The green building standard by which the City of Vancouver and hundreds of other municipalities measure the environmental performance of new construction is falling behind rival green building standards in the way it rates wood, according to the CEO of the world’s largest forest certification program.

“The vast majority of rating tools around the world do recognize multiple forestry certification standards, do look at multiple attributes where wood gets its fair share,” Kathy Abusow, President and CEO of the Sustainable Forestry Initiative (SFI), told the U.S.-based group’s annual conference in Vancouver on Wednesday.

Abusow named the International Green Construction Code (IGCC) and Built Green Canada among emerging standards that recognize the environmental benefits of wood, with less emphasis on of how that wood was grown and harvested.

The American National Standards Institute’s (ANSI) green building standards, the American Society of Heating, Refrigerating and Air-Conditioning Engineers’ (ASHRAE) standard for high-performance buildings, and certain American Society for Testing and Materials (ASTM) standards are among other organizations that recognize wood certified by SFI and other certifiers.

“However, the USGBC’s [U.S. Green Building Council] LEED standard recognizes only FSC [Forest Stewardship Council],” said the president of SFI, a rival program.

“It’s pretty clear that LEED is an outlier, that LEED is a laggard rather than a leader when it comes to wood recognition and forest certification,” Abusow said.

Abusow briefed her members on the latest rounds in the long struggle between the two leading forest certification programs.

Her organization, SFI, which has roots in the forest products industry, is engaged in a bitter struggle with the rival FSC, which has roots in the environmental movement, for access to the LEED standard, which is set by the U.S. Green Building Council (USGBC).

Abusow described the U.S. Green Building Council’s position this way:

“They [the USGBC] recognize they certainly have created a gap that they can’t explain anymore… They understand that they need to have some criteria to explain why they have this position.

“And so for five years we’ve been painfully waiting for them to come out with this criteria. And we’re now in our fourth round of benchmarks. And what they’ve demonstrated is that they are experts in process and not yet at the outcome stage.”

The SFI president described her organization's position this way:

“We believe that wood use should be encouraged for the variety of environmental attributes that it carries.
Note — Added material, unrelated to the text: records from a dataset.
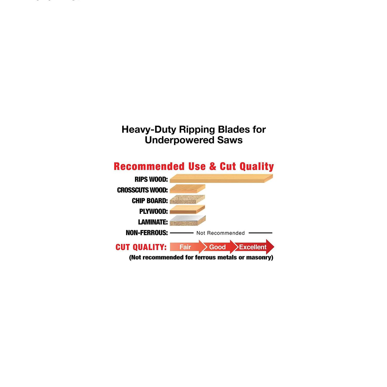 This blade’s specially designed triple chip tooth design produces extremely smooth, true surfaces for gluing and finish work. There is no need for sanding or jointing after the cut. The ideal working range is from 1/8 In. to 1 In. thick. This blade also features laser cut anti-vibration slots, practically eliminating the vibration that resonates in standard blades. With this ultimate ripping blade, there is no need for stabilizers.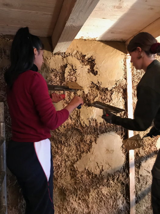 Студенты оштукатуривали стены эко-домика составом из глины и воды (Circular Tiny House CTH*1, Кобург). | Фото: latestnews.upexampaper.com.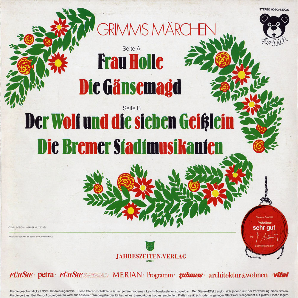 Seite 1: Horch was kommt von draußen rein/ Frau Holle/ Fuchs du hast die Gans gestohlen/ Die Gänsemagd/ Alle Vögel sind schon da Seite 2: Ich bin ein Bi- Ba- Butzemann/ Der Wolf und die sieben Geißlein/ Hänschen klein/ Die Bremer Stadtmusikanten/ Schlaf, Prinzchen, schalf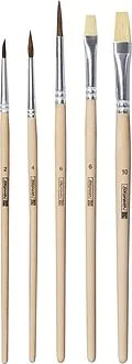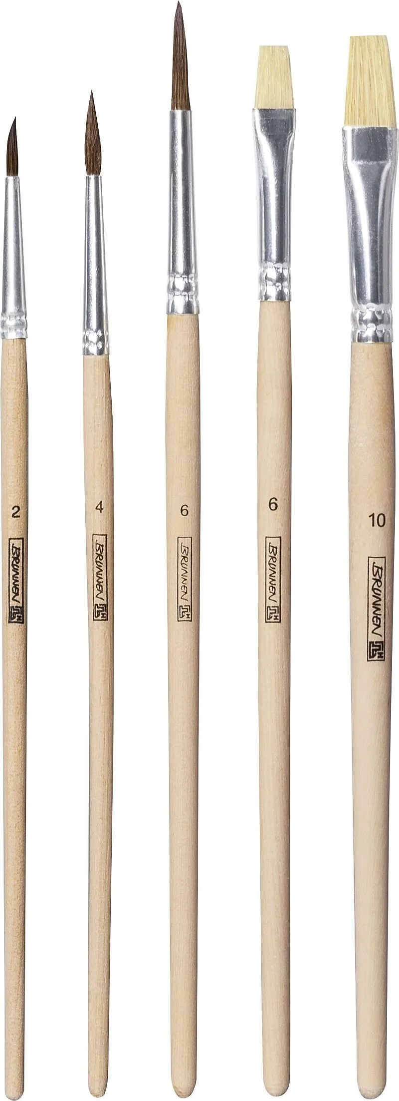 Stiele aus unlackiertem Naturholz; Inhalt: 3 Feinhaarpinsel (Größe 2, 4, 6) und 2 Borstenpinsel (Größe 6, 10); Anzahl der Pinsel: 5; im Kunststoffetui; nahtlose Aluzwinge; hochwertige und umweltverträglich ausgestattete Pinsel für die Schule und viele Hobbytec...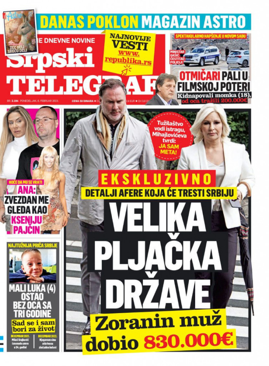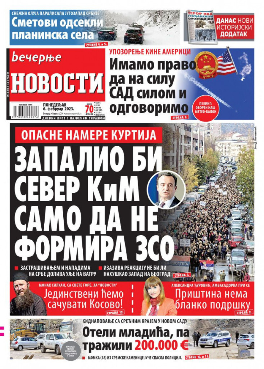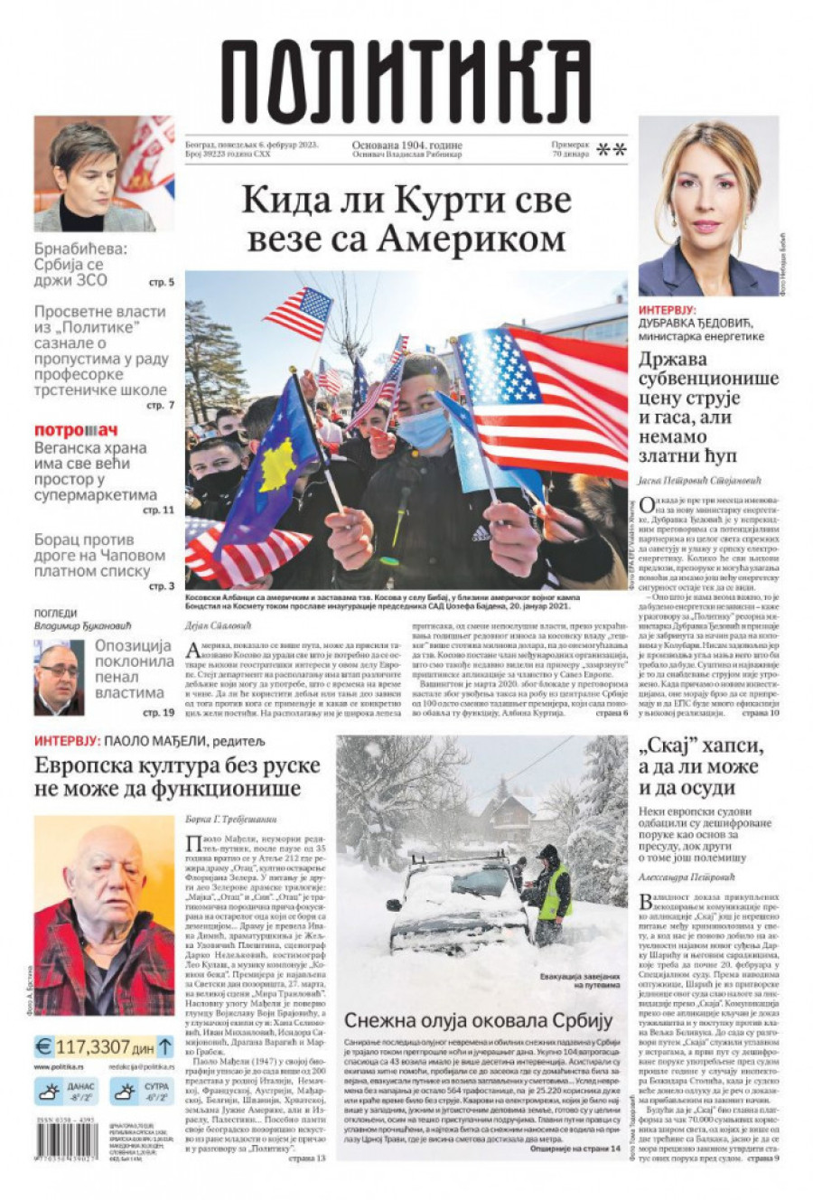 Dnevne novine u Srbiji za ponedeljak 6. februar 2023. godine na naslovnim stranama najavljuju brojne aktuelne društveno-političke teme i donose ekskluzivne priče.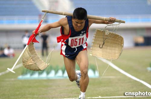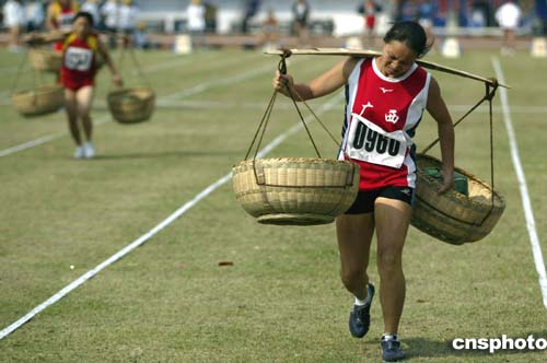 具有濃郁農(nóng)村特色的挑搬糧食比賽成為賽場(chǎng)上亮點(diǎn),參賽選手在比賽中不僅要有速度,還要有力量和平衡感。圖為女子八十米挑搬糧食比賽。中新社記者:盛佳鵬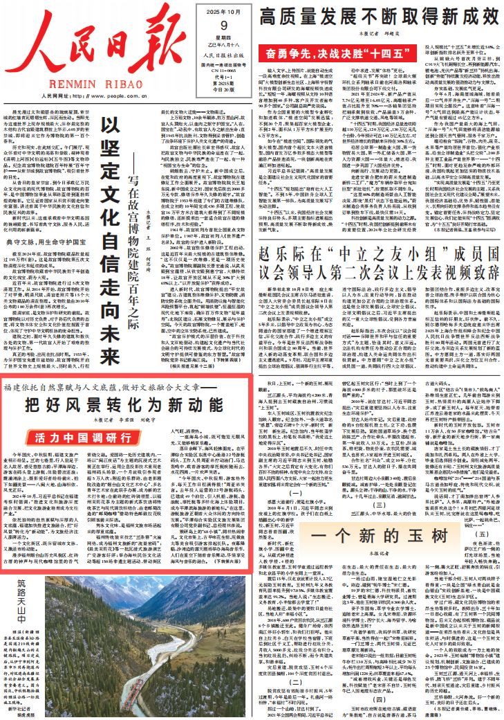 10月9日,人民日报头版“活力中国调研行”栏目刊发报道《把好风景转化为新动能》,点赞福建省依托独特的自然禀赋与深厚的人文底蕴,加快推进文旅融合,把“好风景”转化为“新动能”,为文旅经济注入澎湃活力。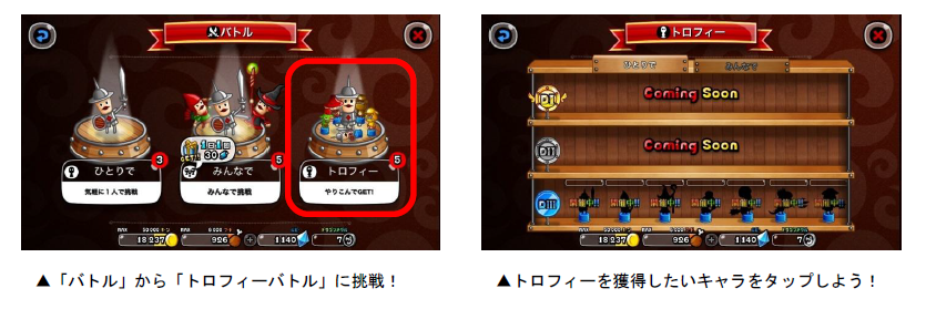 「トロフィーバトル」は、各キャラのトロフィー獲得を目指して、全国のプレイヤーとバトルを行なう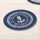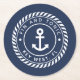 Navy Blue Rope & Anchor Boat Name Round Paper Coaster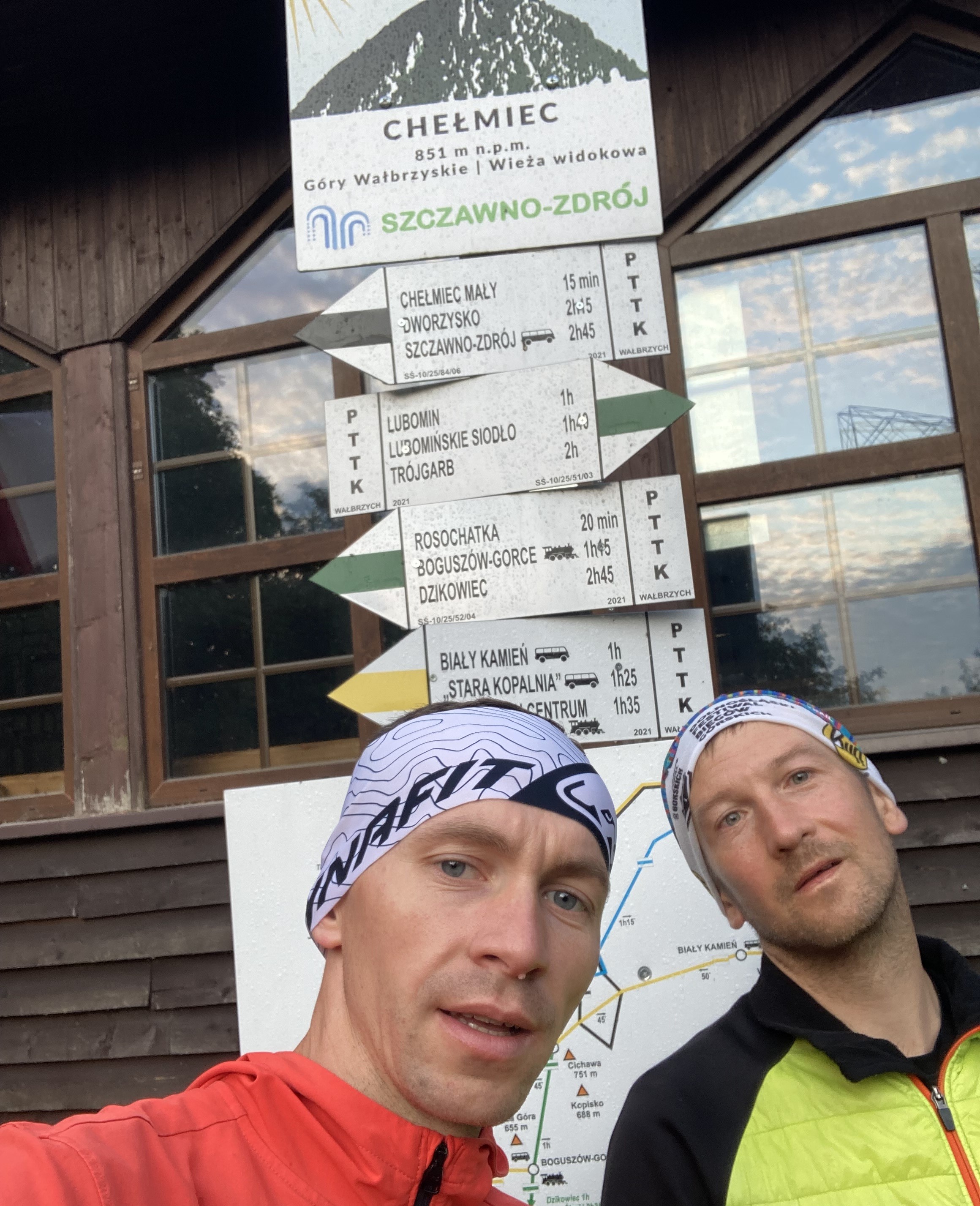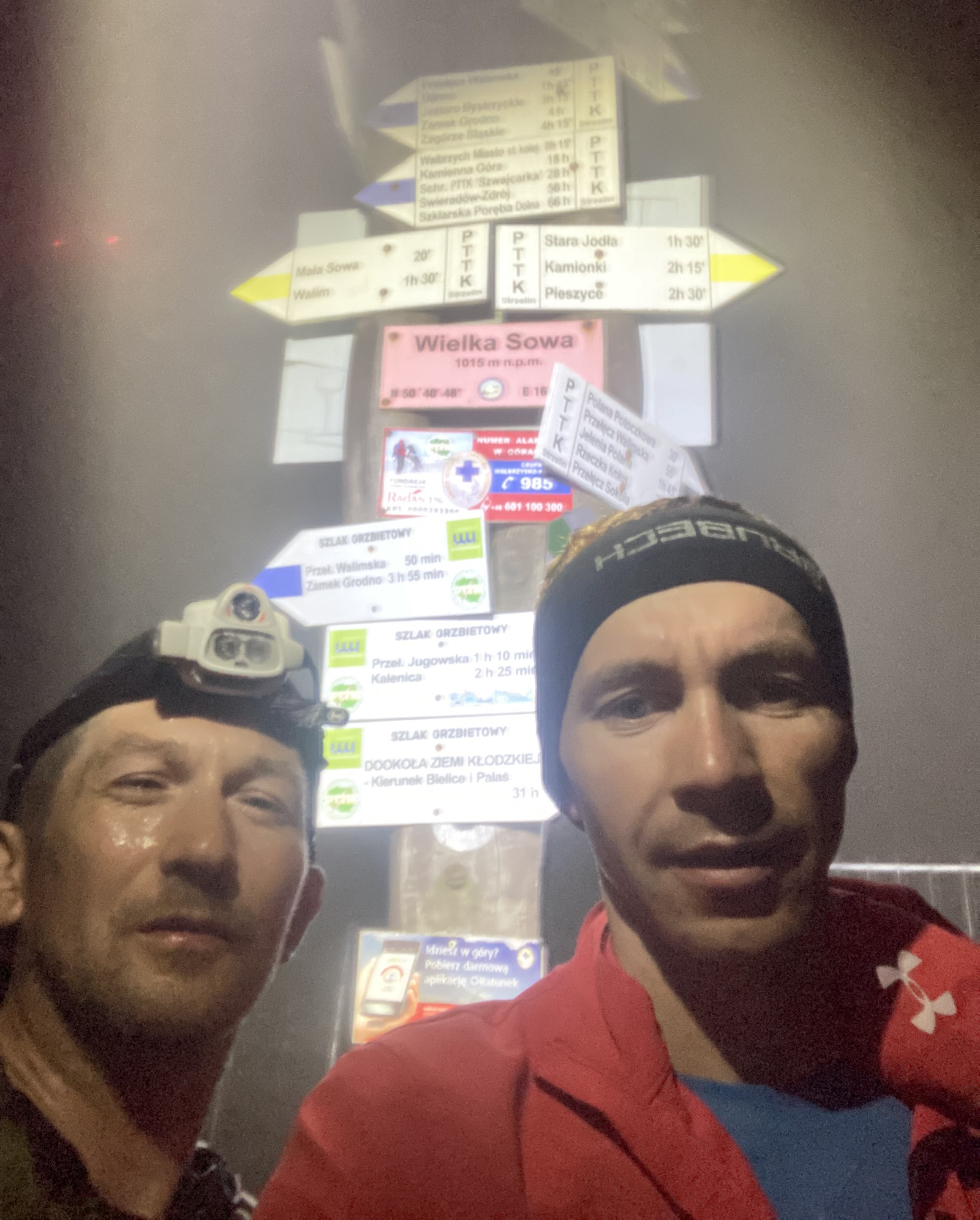 Na samej górze było już takie mleko, że nie potrafiliśmy znaleźć słupka z tabliczką. W końcu jednak go znajdujemy i oświetlając go dwoma czołówkami robimy sobie zdjęcie. W drodze w dół mgła trwa dalej, więc mylimy na chwilę drogę, szybko jednak track w zegarku nas zawraca. Mijamy kolejne świecące oczy w lesie i biegniemy dalej. Wybiegamy na asfalt i lecimy w stronę busa. Niestety mój odcisk zaczyna co raz to bardziej o sobie przypominać. Dobiegamy do busa i  lecimy dalej

“And so we don’t think forest certification is a starting point. We think that forest certification is an additional recognition factor. Because when you look at green building tools like LEED, what you see is that substitute materials --- such as steel, concrete and others --- don’t have any third-party certification [required].

“It’s a double-standard. Other building materials don’t need third-party certification. … yet wood… needs to jump through 49 mandatory benchmarks before it will considered for one credit under LEED.

“When you consider that you can put in a bicycle rack and a shower and get that same credit, you know there’s something wrong with that.”

Governors of 12 U.S. states along with 79 members of the U.S. Congress have joined SFI's effort to lobby the U.S. Green Building Council to include all forest certification standards – including SFI as well as FSC – in the LEED criteria. (Though the Canadian Green Building Council administers LEED in this country, the U.S. counterpart sets the standards.)

Abusow noted that organizations including the United Nations have commented on the problematic nature of wood certification.

“The United Nations report pointed out that green building initiatives can be a mixed blessing for wood products,” Abusow said. “It also goes on to say that exclusive recognition of one forest certification program may drive demand for that brand at the expense of wider appreciation of the environmental benefits of wood.”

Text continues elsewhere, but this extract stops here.